Take the lines below between the one holding "Salvador Dalí The" and the one holding "Some of the", inclusive, and copy them exactly. Add nothing.

> **Supplied data**
++++++++++
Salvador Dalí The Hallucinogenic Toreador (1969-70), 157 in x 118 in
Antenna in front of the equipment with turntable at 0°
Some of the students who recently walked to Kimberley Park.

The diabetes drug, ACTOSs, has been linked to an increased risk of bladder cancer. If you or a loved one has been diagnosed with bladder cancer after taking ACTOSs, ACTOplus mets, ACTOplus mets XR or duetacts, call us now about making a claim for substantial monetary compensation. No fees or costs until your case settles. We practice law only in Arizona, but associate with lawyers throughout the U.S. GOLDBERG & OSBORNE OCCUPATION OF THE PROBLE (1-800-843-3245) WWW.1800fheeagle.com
++++++++++
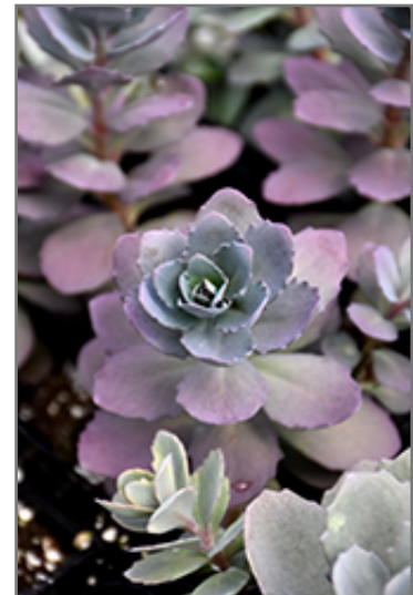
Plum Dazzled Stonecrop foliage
++++++++++
> **Answer box**
Salvador Dalí The Hallucinogenic Toreador (1969-70), 157 in x 118 in
Antenna in front of the equipment with turntable at 0°
Some of the students who recently walked to Kimberley Park.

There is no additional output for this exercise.